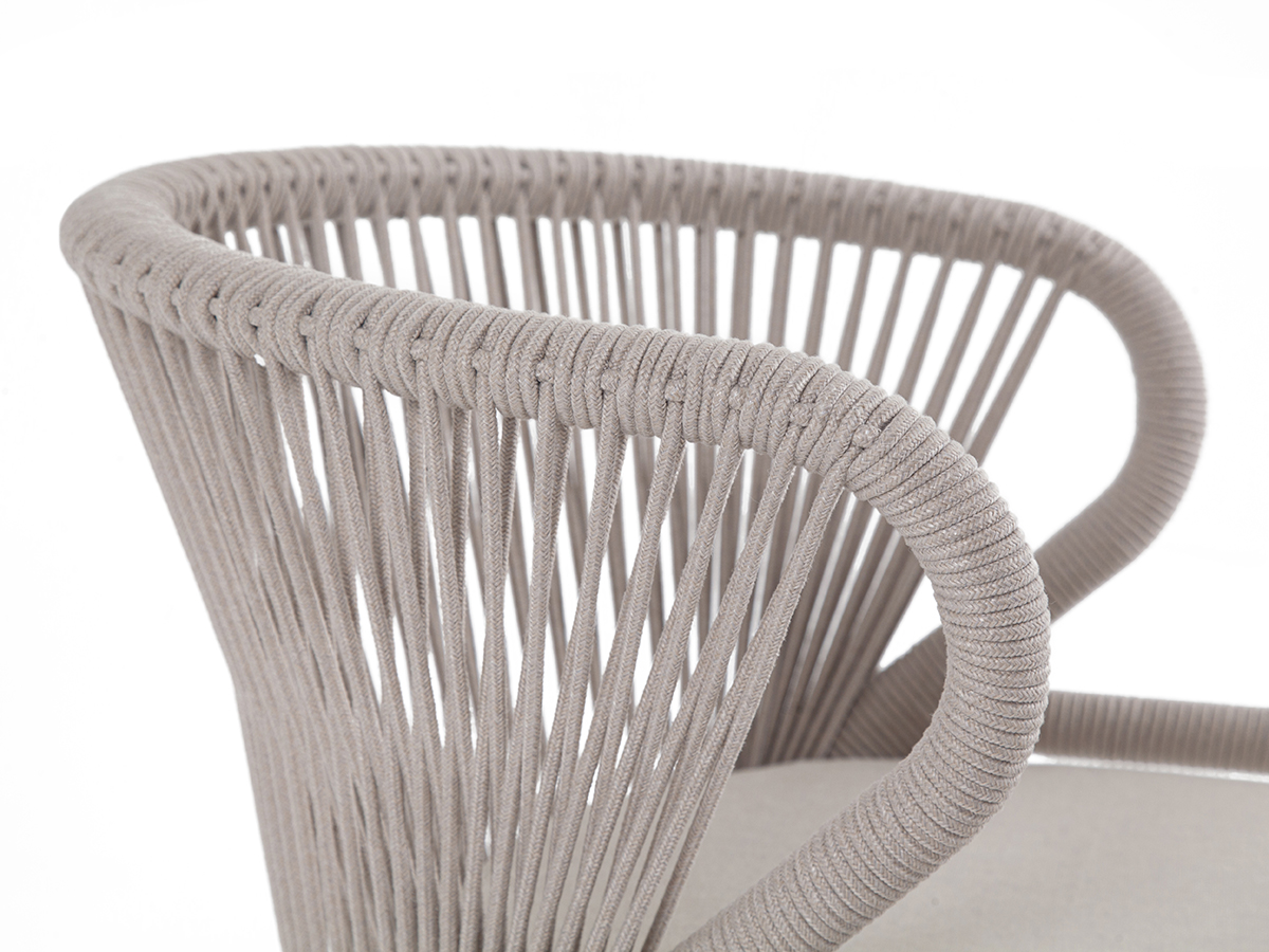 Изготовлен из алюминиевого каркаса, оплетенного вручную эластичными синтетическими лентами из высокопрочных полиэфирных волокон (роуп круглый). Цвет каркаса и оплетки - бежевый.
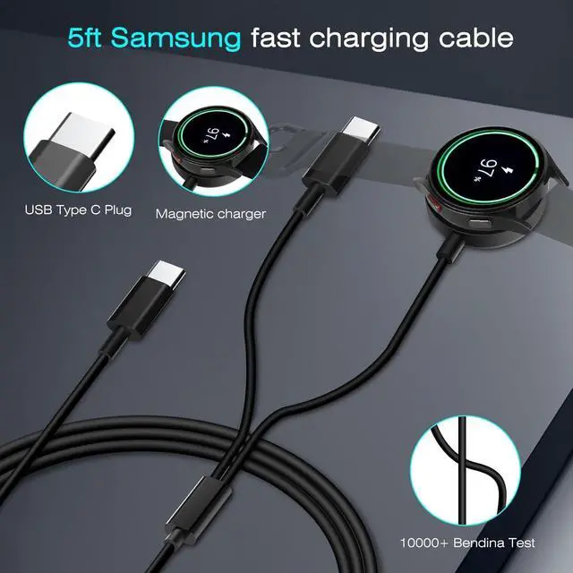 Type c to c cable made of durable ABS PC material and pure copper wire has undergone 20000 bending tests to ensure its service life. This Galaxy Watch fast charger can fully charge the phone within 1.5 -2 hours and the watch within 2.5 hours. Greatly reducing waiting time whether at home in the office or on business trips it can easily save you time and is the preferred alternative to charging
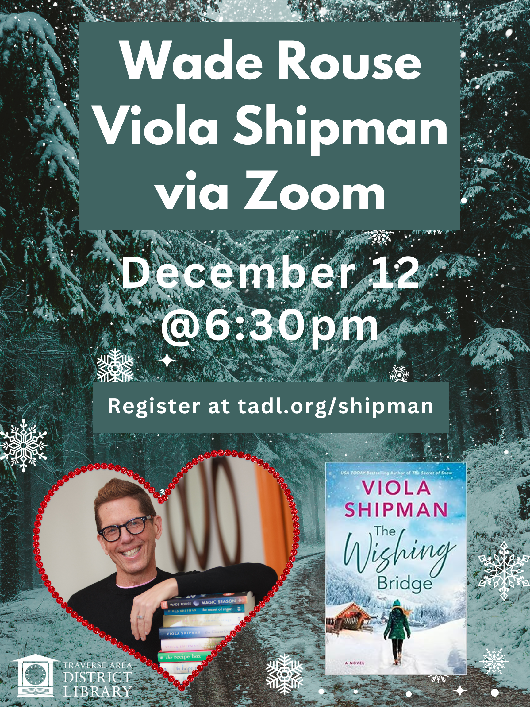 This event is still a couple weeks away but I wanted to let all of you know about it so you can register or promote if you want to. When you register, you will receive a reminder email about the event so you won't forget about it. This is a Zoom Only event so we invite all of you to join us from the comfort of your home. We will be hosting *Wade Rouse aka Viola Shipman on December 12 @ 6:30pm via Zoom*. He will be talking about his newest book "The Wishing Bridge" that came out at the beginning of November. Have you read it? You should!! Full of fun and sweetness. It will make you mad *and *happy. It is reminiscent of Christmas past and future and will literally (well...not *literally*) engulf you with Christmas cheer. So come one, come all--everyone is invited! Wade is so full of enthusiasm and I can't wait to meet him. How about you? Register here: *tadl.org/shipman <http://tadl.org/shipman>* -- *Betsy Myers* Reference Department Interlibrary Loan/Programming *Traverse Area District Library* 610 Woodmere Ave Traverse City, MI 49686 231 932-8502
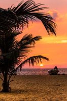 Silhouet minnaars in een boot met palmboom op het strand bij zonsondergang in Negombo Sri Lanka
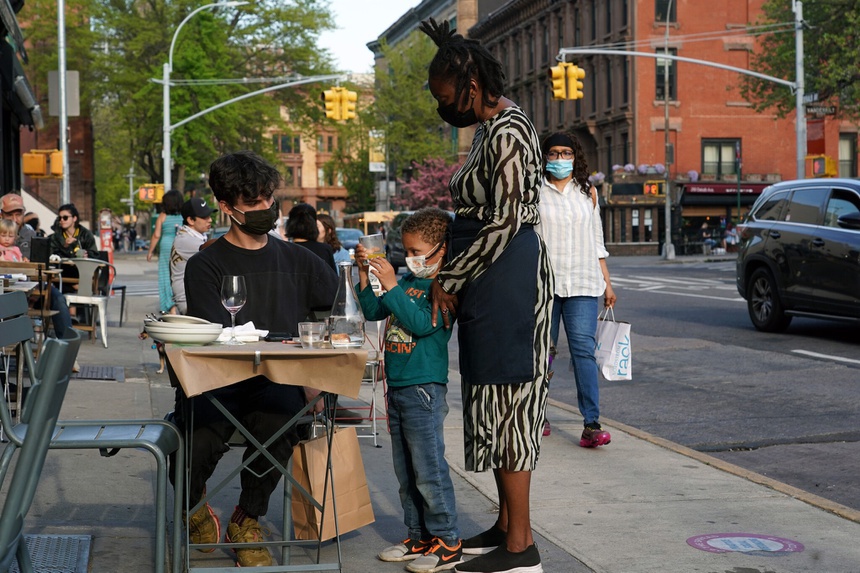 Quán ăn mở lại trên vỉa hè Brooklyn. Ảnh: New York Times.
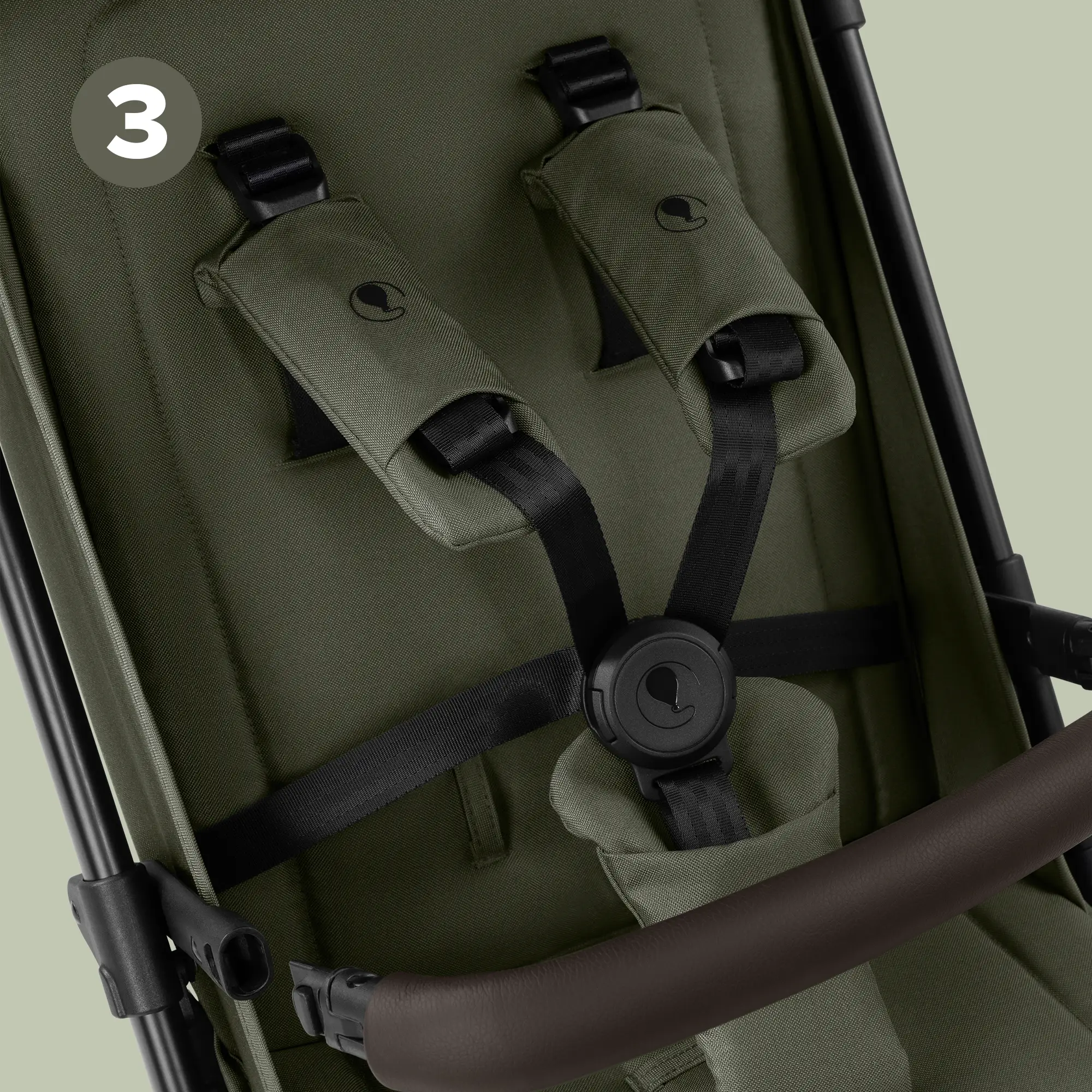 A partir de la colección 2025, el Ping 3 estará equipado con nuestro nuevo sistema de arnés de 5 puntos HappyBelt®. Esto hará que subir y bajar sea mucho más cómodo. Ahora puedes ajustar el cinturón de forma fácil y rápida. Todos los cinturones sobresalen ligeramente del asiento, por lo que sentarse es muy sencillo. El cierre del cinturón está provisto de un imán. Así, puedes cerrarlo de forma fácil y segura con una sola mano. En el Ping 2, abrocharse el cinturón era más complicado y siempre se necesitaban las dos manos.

※ ※ ※

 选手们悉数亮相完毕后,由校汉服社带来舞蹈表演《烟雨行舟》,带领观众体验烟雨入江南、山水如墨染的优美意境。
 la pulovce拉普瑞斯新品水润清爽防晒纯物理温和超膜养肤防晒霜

※ ※ ※

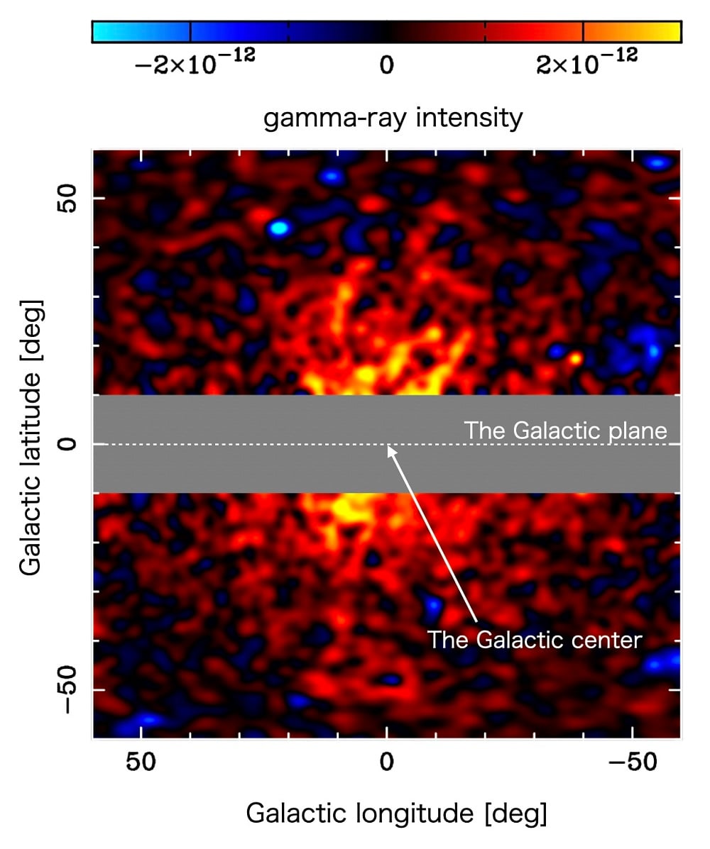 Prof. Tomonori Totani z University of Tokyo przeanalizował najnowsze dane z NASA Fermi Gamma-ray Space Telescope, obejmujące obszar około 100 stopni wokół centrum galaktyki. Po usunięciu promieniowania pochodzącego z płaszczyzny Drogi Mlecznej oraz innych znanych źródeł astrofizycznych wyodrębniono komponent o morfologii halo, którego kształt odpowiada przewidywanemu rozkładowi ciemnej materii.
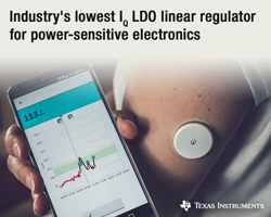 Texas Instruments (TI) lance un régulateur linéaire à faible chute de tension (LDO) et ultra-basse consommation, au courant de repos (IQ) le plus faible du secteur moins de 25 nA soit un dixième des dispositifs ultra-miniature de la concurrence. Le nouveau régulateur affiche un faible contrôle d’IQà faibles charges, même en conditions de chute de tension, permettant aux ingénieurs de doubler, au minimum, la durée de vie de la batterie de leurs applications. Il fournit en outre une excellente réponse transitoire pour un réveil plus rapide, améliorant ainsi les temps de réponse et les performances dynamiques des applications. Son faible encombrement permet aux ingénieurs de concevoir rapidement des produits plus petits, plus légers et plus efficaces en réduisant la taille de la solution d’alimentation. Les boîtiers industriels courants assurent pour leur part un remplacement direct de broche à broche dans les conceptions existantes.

※ ※ ※

● Exercise directions:
From the listing above, restate verbatim the lines running from the one with "This event is" through the one with "A partir de", inclusive, but not the pictures.

● Task solution:
 This event is still a couple weeks away but I wanted to let all of you know about it so you can register or promote if you want to. When you register, you will receive a reminder email about the event so you won't forget about it. This is a Zoom Only event so we invite all of you to join us from the comfort of your home. We will be hosting *Wade Rouse aka Viola Shipman on December 12 @ 6:30pm via Zoom*. He will be talking about his newest book "The Wishing Bridge" that came out at the beginning of November. Have you read it? You should!! Full of fun and sweetness. It will make you mad *and *happy. It is reminiscent of Christmas past and future and will literally (well...not *literally*) engulf you with Christmas cheer. So come one, come all--everyone is invited! Wade is so full of enthusiasm and I can't wait to meet him. How about you? Register here: *tadl.org/shipman <http://tadl.org/shipman>* -- *Betsy Myers* Reference Department Interlibrary Loan/Programming *Traverse Area District Library* 610 Woodmere Ave Traverse City, MI 49686 231 932-8502
 Silhouet minnaars in een boot met palmboom op het strand bij zonsondergang in Negombo Sri Lanka
 Quán ăn mở lại trên vỉa hè Brooklyn. Ảnh: New York Times.
 A partir de la colección 2025, el Ping 3 estará equipado con nuestro nuevo sistema de arnés de 5 puntos HappyBelt®. Esto hará que subir y bajar sea mucho más cómodo. Ahora puedes ajustar el cinturón de forma fácil y rápida. Todos los cinturones sobresalen ligeramente del asiento, por lo que sentarse es muy sencillo. El cierre del cinturón está provisto de un imán. Así, puedes cerrarlo de forma fácil y segura con una sola mano. En el Ping 2, abrocharse el cinturón era más complicado y siempre se necesitaban las dos manos.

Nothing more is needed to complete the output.